Description of Chemiluminescence

     Chemiluminescence is the process whereby energy from a chemical reaction is released directly as light without the involvement of heat or flame. Chemiluminescence is not similar to fluorescence (neon signs), phosphorescence (glow in the dark toys), or incandescence (light bulbs), but most similar to bioluminescence. The most common example of this process is the bioluminescence of the firefly!

      The firefly is by far the most efficient example of a bioluminescent system discovered to date. It approaches a theoretical limit by producing 88 photons of light for each 100 molecules of reactant yielding an astonishing 88% efficiency rate! Modern research into chemiluminescence has led to discoveries of dozens of light producing chemical reactions,
but most of them are only about 1% efficient. To give you another example, a light bulb is only about 10% efficient at converting electrical energy to light with the rest of the energy producing heat. It goes to show you that Mother Nature is an efficient user of energy!

     Fireflies use two different chemicals to produce light. The one that produces the light is generically called a "luciferin" and the one that drives or catalyzes the reaction is called a "luciferase." ATP (Adenosine triphosphate) and oxygen are also involved in the reaction. ATP is the chemical that, at the cellular level, provides energy for living things. Because of this, firefly luciferin can be used as a bio-indicator of the presence of energy or life! Bet you didn't know your glow light novelties had so much in common with Mother Nature!

     The main importance of chemiluminescence is in the fact that it is a cold system. Energy in the form of light is produced directly from the chemical reaction without first going through an intermediate stage involving heat. Chemiluminescent glow products never heat up, are not a source of ignition, and are non flammable. This is why modern science wished to copy the firefly! Glow products have an abundance of uses as a cold, portable, light source and are an excellent source of SAFE FUN.

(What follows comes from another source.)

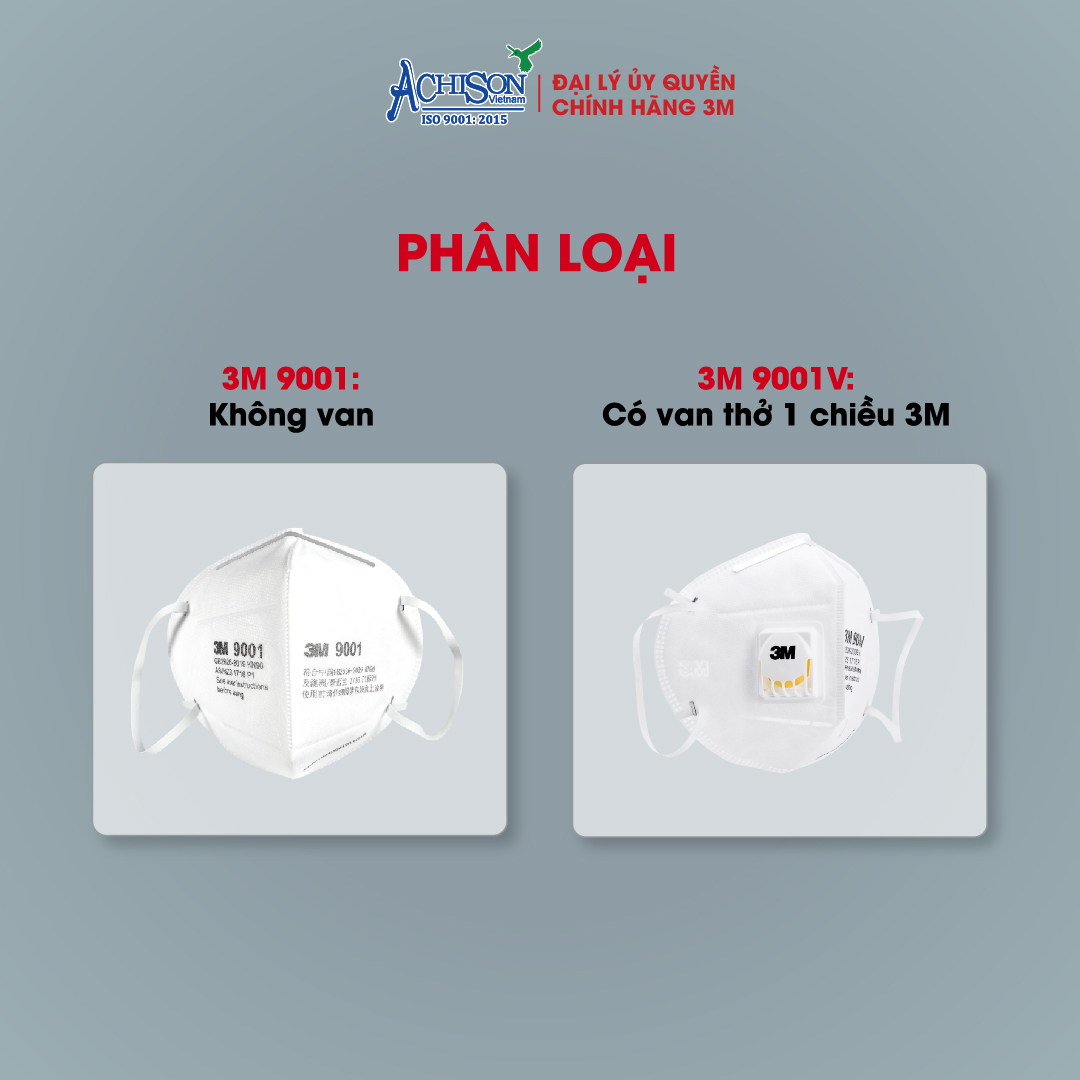 Mua tại TiktokKhẩu Trang Chống Bụi 3M 9001 (Không Van) / 9001V (Có Van) - Khẩu Trang 3M Chính Hãng, Màng Lọc Tiên Tiến Sản phẩm chính hãng 100% được phân phối bởi ACHISON Xuất xứ: Mỹ • Thương hiệu: 3M THÔNG SỐ KỸ THUẬT: • Công dụng: Lọc bụi • Chất liệu: Màng lọc tĩnh điện tiên tiến công nghệ 3M, dây thun cao su • Không gây kích ứng cho da • Sản phẩm được sản xuất từ 01/12/2020 bổ sung thêm tiêu chuẩn KN90 • Hộp khẩu trang được sản xuất từ 01/12/2020 thay đổi hình ảnh người đeo khẩu trang • Phân loại: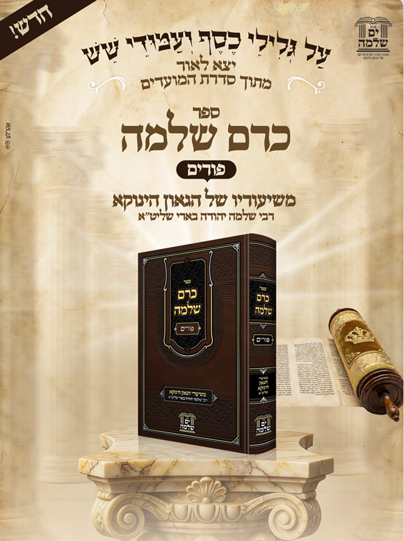 לקראת ימי הפורים הבעל"ט, יוצא לאור בשעה טובה ומוצלחת הספר "כרם שלמה – פורים", הכרך השני בסדרת המועדים של הגאון הרב שלמה יהודה בארי שליט"א.

     Chemical glow light products are all very similar. Each product is composed of a flexible outer casing typically made of plastic. Inside the casing is a chemical fluid usually a phenyl oxalate ester and a fluorescent dye. Also inside the casing, floating in this fluid is a thin walled glass ampoule. The glass ampoule typically contains hydrogen peroxide dissolved in phthalic ester. The hydrogen peroxide mix is stored inside the glass ampoule in order to keep it from mixing with the phenyl oxalate ester and starting the light producing chemical reaction. When the glow product is activated by bending it, the thin-walled glass ampoule breaks and its contents mix with the solution outside. Then, the hydrogen peroxide reacts with the phenyl oxalate ester. There have been dozens of reactions discovered to date, and one of them is shown below for a peroxyoxylate system.

     An intermediary is formed during the oxidation reaction that has a high-energy four-member ring. The breakdown of this intermediary transfers energy to the dye molecule, placing the dye molecule into an excited state. The dye molecule fluoresces, as it returns to its ground state, by giving off a photon of light. This is the visible light of the glow product. 

     An interesting point to note is that if the dye molecule can be placed into its excited state through some other means, such as laser excitation, the glow product will produce the same light effect as the dye returns to its ground state and fluoresces!

Classroom Experiment

     The following is a description of an experiment that is suitable for the classroom. It should only be conducted with the close supervision of a qualified teacher.

     By combining a luminescent solution with an oxidizing solution, a bright blue light source is created. To make the luminescent solution, combine:

4 g sodium carbonate
0.2 g luminol
24.0 g sodium bicarbonate
0.5 g ammonium carbonate
0.4 g copper (II) sulfate pentahydrate
1 L distilled water.
Mix to dissolve.

     For the oxidizing solution, dilute 50 mL of 3% hydrogen peroxide to 1 L.

     Mix about 200ml of each of the two solutions in an Erlenmeyer flask or, let the students mix small quantities of each solution at their own desks, and watch for the cool blue glow!

     This experiment uses luminol as the fluorescer, which is a slightly different system than the chemical system used inside a typical glow light product, but the principle is the same. As a side note, luminol is also used in forensic crime scene analysis, whereby it helps identify dried blood by reacting with it and fluorescing!